Hey, thank you. Congrats on the quarter. Just as a follow-up to Tom's question earlier, it sounds like you're having nice success with the mid market realignment on Marketo and Magento and that's great to see. I was just curious what your ambitions are to bring some of the other core Adobe DX solutions like AEM, Campaign, Audience Manager and others down into the mid market as well and what it might require in terms of changes to product packaging to really make a big dent in that particular size of the market? Thank you.

Speaker 3

I'll touch on one maybe in a little bit of detail, which is the Adobe Experience Manager. We have over the last year really innovated. We have offering that's a completely cloud based offering that enables you to do it. You can do headless content management. It's so far ahead of the competition.

So I think that hopefully gives you a glimpse into the fact that we do believe it's an opportunity as we move to the cloud and make these all SaaS based services, I think making that self help. In the content management space in particular, as people are creating these micro sites and they want to get it up and running quickly, but they want to use the same publishing paradigm that they use for their larger sites, That's another reason. But the new AEM product that we have that's cloud based, The number of customers who've been able to get up and running really quickly, I think shows, the kind of innovation, take Adobe itself, for example, as we moved our cloud based AEM implementation, it really adds significant value. And as I said earlier, it's not just about the mid market that same technology actually translates well into enterprises seeing value from our products sooner rather than later. Justin, we'll take one more question please.

Speaker 1

And that question will come from Ken Wong with Guggenheim Securities. Great. Thanks for squeezing me

Speaker 16

in guys. This question is for you, John. I know you guys don't discuss RPO much, but the uptick in Q4 was really strong. Maybe if you can give us a little insight into what drove that? And then to the extent that you could shed a little color on maybe what seasonality for RPO might look like next year, That'd be great.

Speaker 4

Yes, sure. The performance of RPO and as we go forward, you'll start to get the year over year compare in FY 2020. It's following along with revenue growth. And essentially when we look at before deferred and unbilled that also was an indicator of the health of the business going forward. Now we would suggest you look at the RPO as an indicator of what to expect in terms of it growing along with revenue.
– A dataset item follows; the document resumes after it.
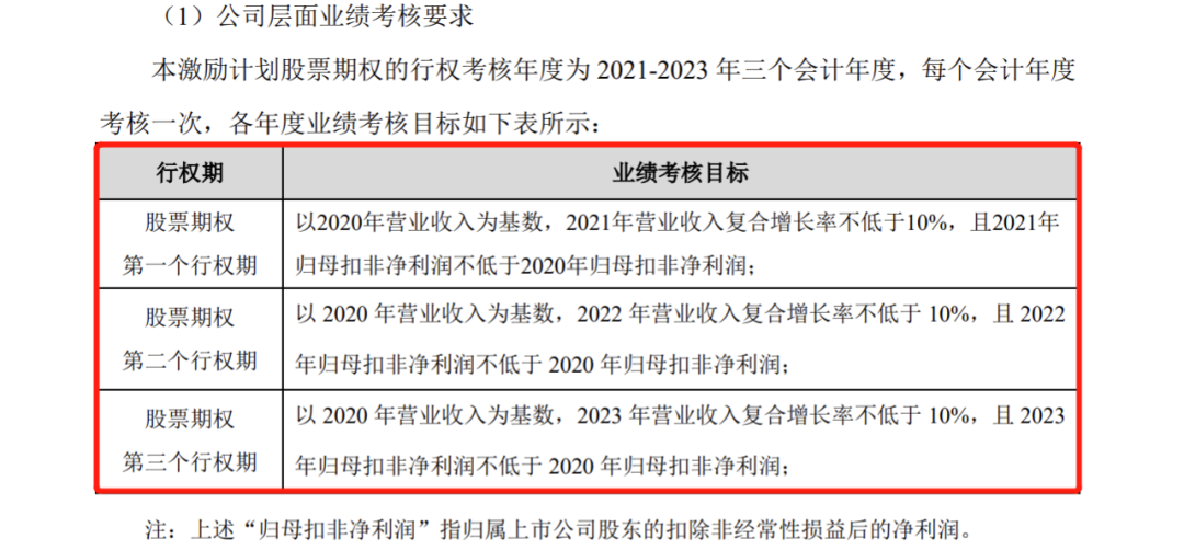 2021年,老板电器发布股权激励计划方案,确定了此后三年的年度业绩考核目标:2021-2023年,各年营业收入复合增长率≥10%,且归母扣非净利润不得低于2020年。

That has normal seasonality that we typically have seen across each of the quarters as well. So there's nothing unique about that.

Speaker 3

And given that was the last question, what's exciting to us was that our Analyst Day at MAX, we shared the strategy on the 3 large opportunities that we had ahead of us, unleashing creativity, accelerating document productivity and powering digital businesses and how it represented a TAM of approximately $128,000,000,000 in 2022. It's nice to be the leader in those categories and continue to drive product innovation as well as GTM alignment and execution, so that we can continue on this growth agenda that we have as a company. But at the same time, we're also continue to be focused on increasing cash flow, as well as delivering great value to our shareholders. Clearly pleased with our fiscal performance in Q4. FY 2020 should be another record year with strong profitability and cash flow.

And I'm really excited about the progress that we made across all three clouds on product, GTM, as well as organizational alignment. And we look forward to sharing that progress with you over the course of next year. Wanted to wish you all happy holidays. Thank you for joining us today.

Speaker 2

And this concludes our call. Thanks everyone.

Speaker 1

Thank you. That does conclude today's conference. We do thank you for your participation. Have a wonderful day.